Respiratory properties of blood in flatback turtles (Natator depressus)

School of Integrative Biology, The University of Queensland, 4072, Brisbane, QLD, Australia.
Journal of Comparative Physiology B (Impact Factor: 2.53). 11/2007; 177(7):779-86. DOI: 10.1007/s00360-007-0174-3
Source: PubMed

ABSTRACT Oxygen equilibrium curves and other respiratory-related variables were determined on blood from the flatback turtle (Natator depressus) and, for comparison, on some samples from the loggerhead turtle (Caretta caretta). The oxygen carrying capacity of the flatback turtle, 4.9-8.7 mmol l(-1) (n = 49), is at the high end of the range in diving reptiles.
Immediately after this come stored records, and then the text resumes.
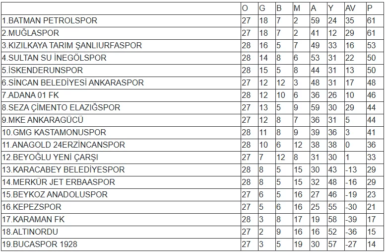 Beyaz Grup'ta haftayı bay geçen Batman Petrolspor, 61 puan ve averajla zirvedeki yerini korudu.
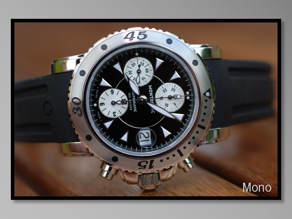 This year the Mont Blanc Sport Chronograph has been released in an all black version. No real shocking new design, but in my opinion it looks very good. Last year I owned the steel version of this watch and i was amazed by the excellent finish and quality. This might sound strange, but I can assure you that finish and quality of sometimes high-end brands can be kind questionable. This is certainly not the case here!
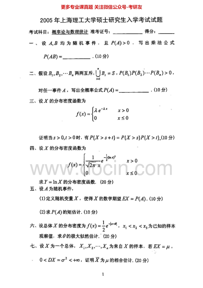 上海理工大学811概率论与数理统计2004-2007、2013其中2005有答案考研真题汇编.Image.Marked猴哥6个月前发布关注私信1.43MB10页05438上海理工大学811概率论与数理统计2004-2007、2013其中2005有答案考研真题汇编.Image.Marked此内容为免费资源,请登录后查看¥0 登录查看免费资源 第1页 / 共10页 第2页 / 共10页 第3页 / 共10页 该文档为免费文档,您可直接下载完整版进行阅读 © 版权声明文章版权归作者所有,未经允许请勿转载。THE END《上海理工大学》(811)概率论与数理统计考研资料考研专业课 喜欢就支持一下吧点赞38赞赏 分享QQ空间微博QQ好友海报分享复制链接收藏
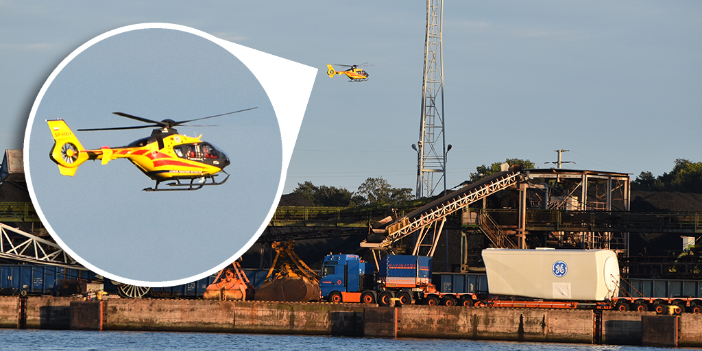 Wypadek w porcie. Pracownik przygnieciony ciężkim elementem.
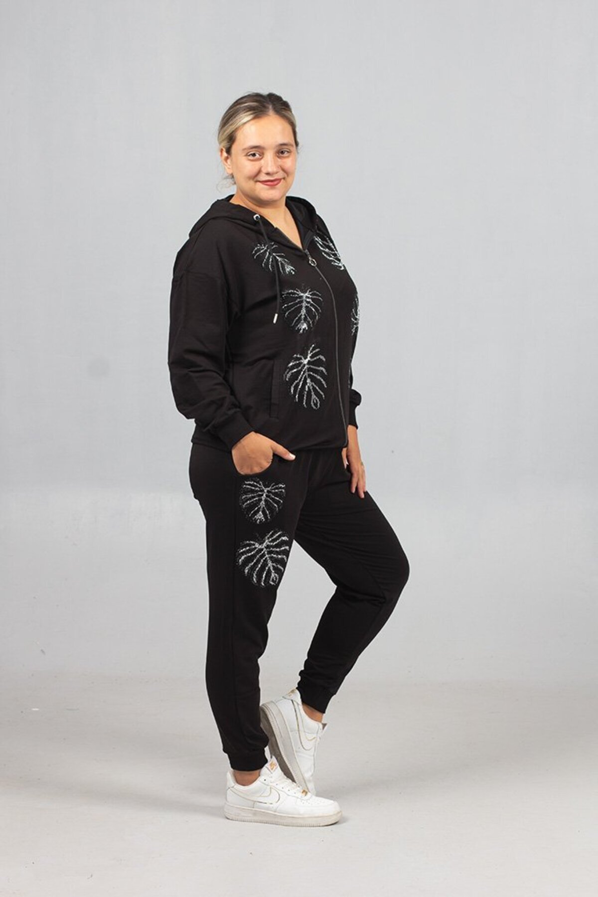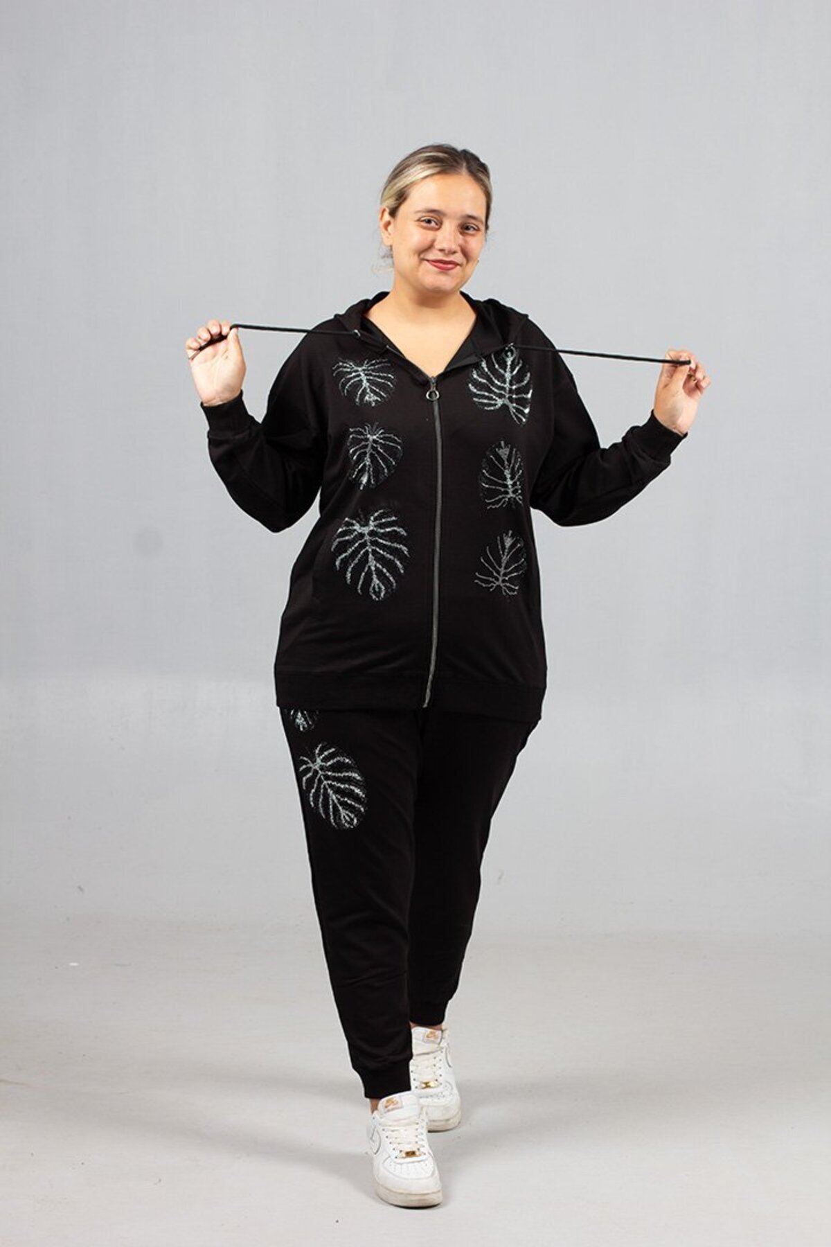 Kadın Taşlı Eşofman Takımı | Büyük Bedenlerde Işıltılı ve Rahat Şıklık Kadın Taşlı Eşofman Takımı | Büyük Bedenlerde Işıltılı ve Rahat Şıklık EF-112 40-42
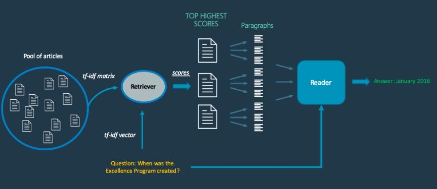 在选择了最可能的文档后,系统将每个文档分成几个段落,并将问题一起发送给读者,这基本上是一个预先训练好的深度学习模型。所使用的模型是著名的NLP模型BERT的Pytorch 版本。
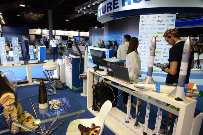 Для работы раздела «Вузовская наука и авиационно-техническое творчество молодёжи»/Future Hub создано единое информационное, тематическое и визуальное пространство, включающее в себя выставочную экспозицию с инновационными разработками студентов, молодых учёных и специалистов вузов, открытый конференц-зал для проведения мероприятий деловой программы, площадки для тренингов, семинаров, неформального делового общения, дискуссий.
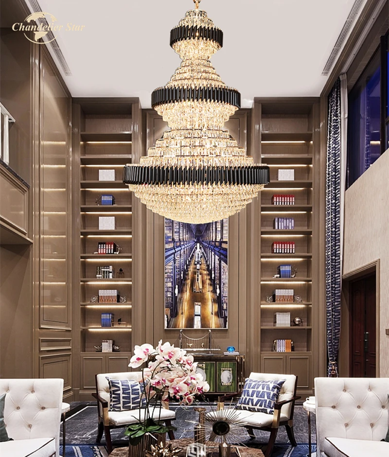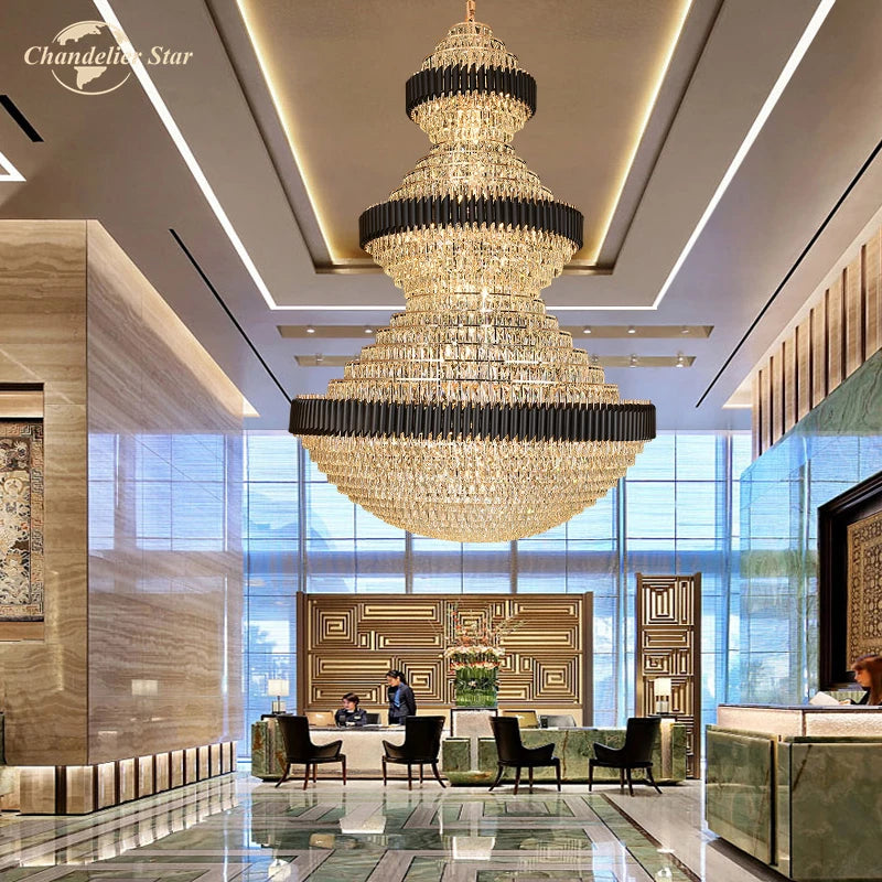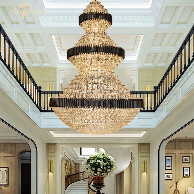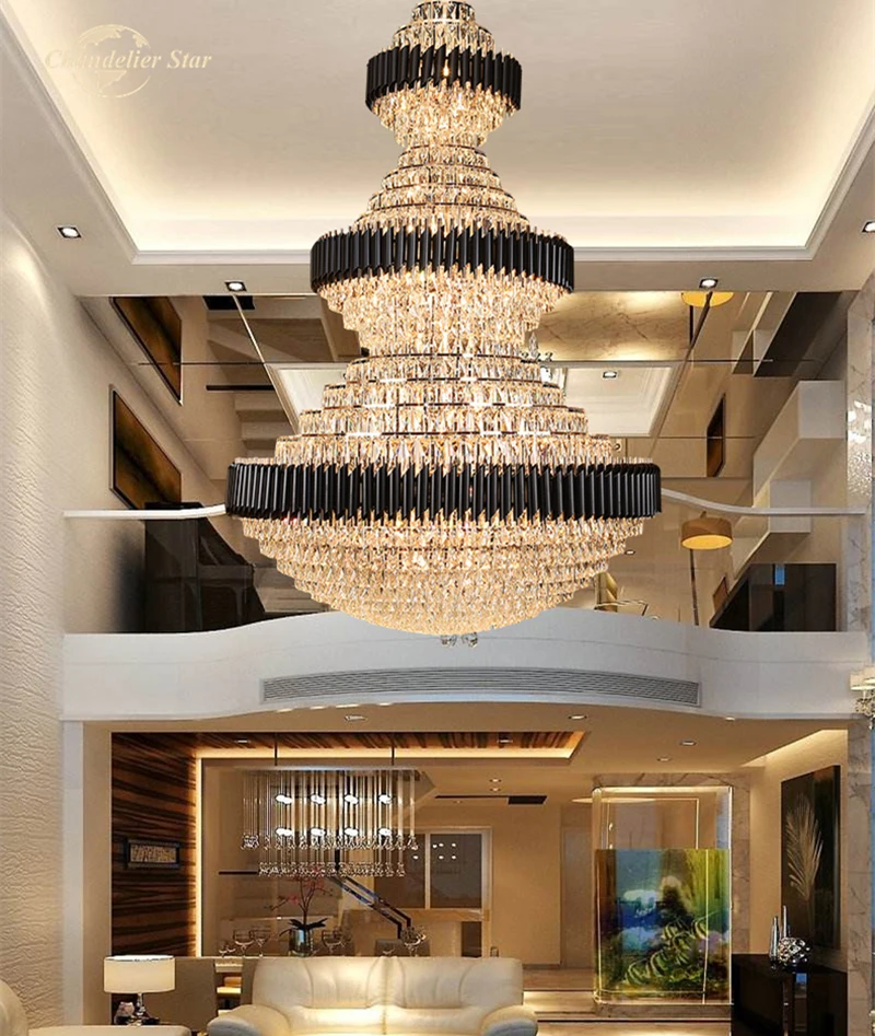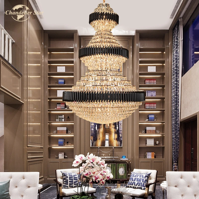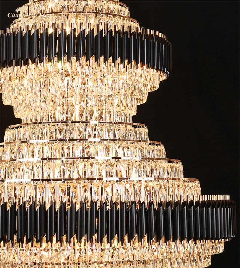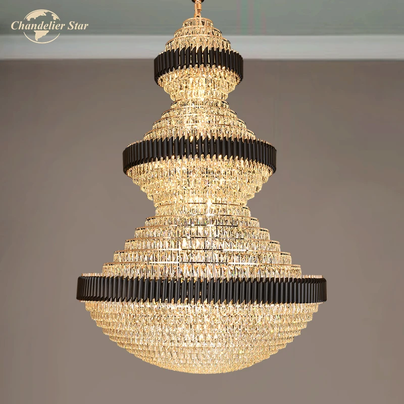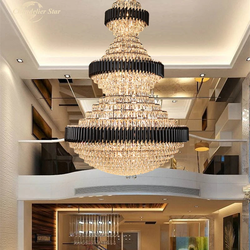 Luxury LED Chandeliers Lighting Modern Crystal Metal Black Lamps Lustre Home Decoration Living Room Staircase Hotel Villa Lights

Oxygen affinity (P(50)) was similar in both species at 5% CO(2), ranging from 37 to 55 mmHg (43 mmHg +/- 5.3 SD, n = 24, 25 degrees C, pH 7.17) in flatbacks and 43-49 mmHg in loggerheads (46 mmHg +/- 2.0 SD, n = 7, 25 degrees C, pH 7.13), whereas at 2% CO(2), flatbacks had a higher oxygen affinity. The curves differed in sigmoidicity, with Hill n coefficients of 2.8 and 1.9 in flatbacks and loggerheads, respectively. The Bohr effect was small in both the species, consistent with results from other sea turtles. Lactate levels were high, perhaps because the samples were taken from turtles coming ashore to lay eggs. Flatbacks are rarely found in waters deeper than 45 m. It is suggested that they have a respiratory physiology particularly suited to sustain prolonged shallow dives.